If they're able to make a robot so agile that it can compete with humans, they can no doubt make one that's armored and can carry an M-16.
And they're already rolling out some robotic remote-controlled gunners in Iraq.
Bullet-proof casualty-proof soldiers may change the face of global conflict nearly as much as the atomic bomb, if they can manufacture large numbers of them.
Suudsu, that stuff is G-E-W-D.
My great great granddaughter will beat up your son.
I think they have completely missed the point of sport if they think that having robots compete against humans is a worthwhile endeavor. Of course we should expect robots and computers to be able to beat humans at various tasks. But the whole point of sport is for humans to compete against other humans in the spirit of real competition. If you think this soccer game would be worth watching, ask yourself if you think human vs. robot arm-wrestling sounds interesting.
http://www.starterupsteve.com/swf/badgerfootball.h tml?
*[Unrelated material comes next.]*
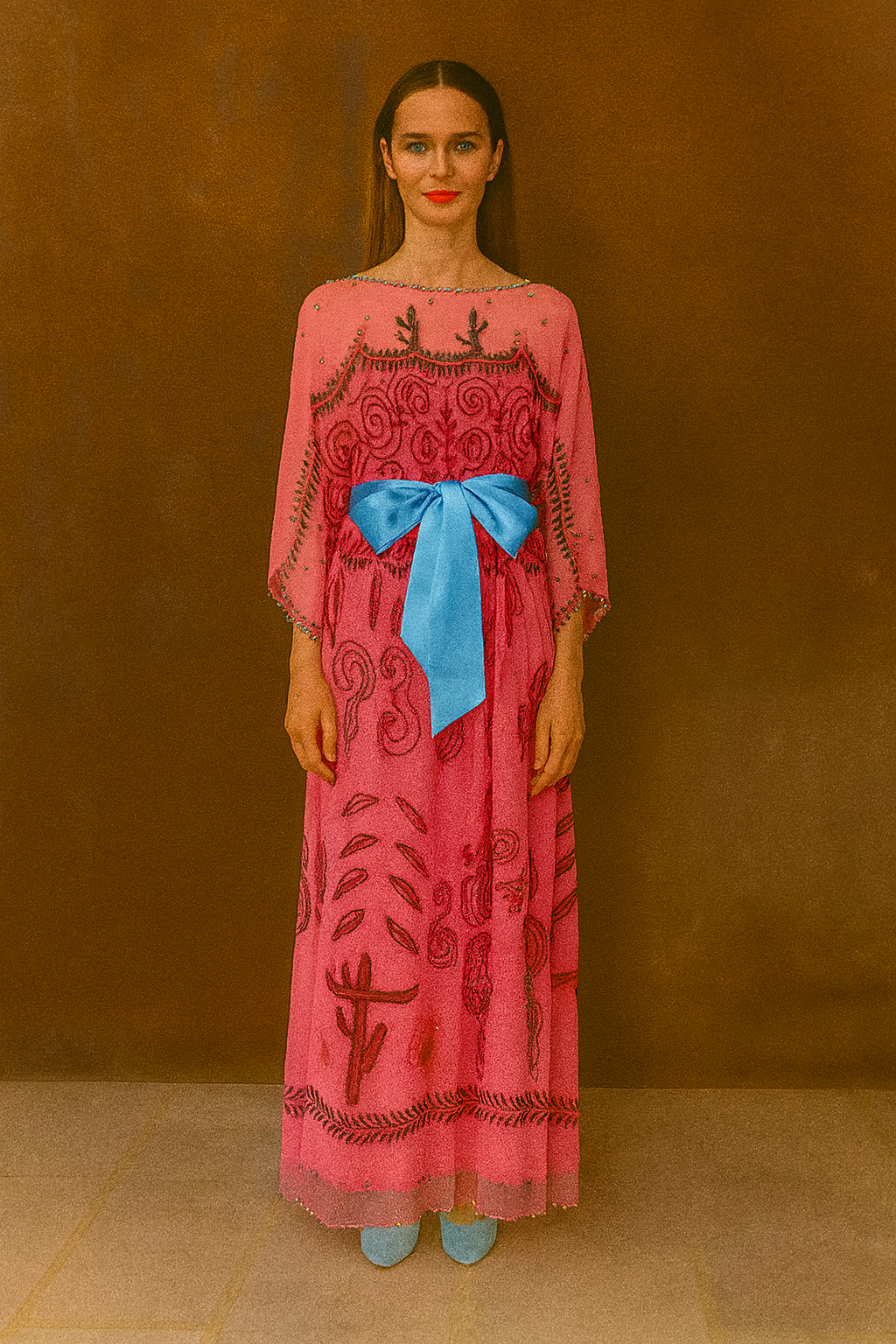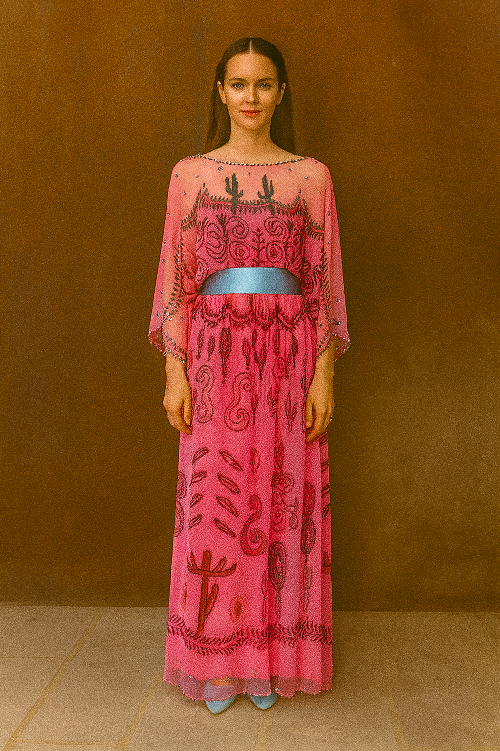 This rare and collectible chiffon dress from Zandra Rhodes's 1976 Spring/Summer Cactus and Cowboy collection showcases iconic design elements. Featuring a sequin-trimmed neckline, long sleeves, and an elasticated waist, the straight pleated skirt creates elegant movement. The adjustable back tie and keyhole detail add bespoke refinement. Fully lined and accompanied by its original pale blue satin sash, this historically significant piece has been museum-featured and bears its original numbered label, underscoring its authenticity and archival value.

Flying cars and even hoverboards will be available by 2015
The robots can tell the difference between a team mate, which is 32 centimeters high... and a 5' to 6' high human being...
Why does that not sound like much of an accomplishment.
Its not like anything but the opposing team is going to come running at the robot with the ball...
It can also determine that the only mid sized spherical object with a black and white pattern on it is in fact a ball...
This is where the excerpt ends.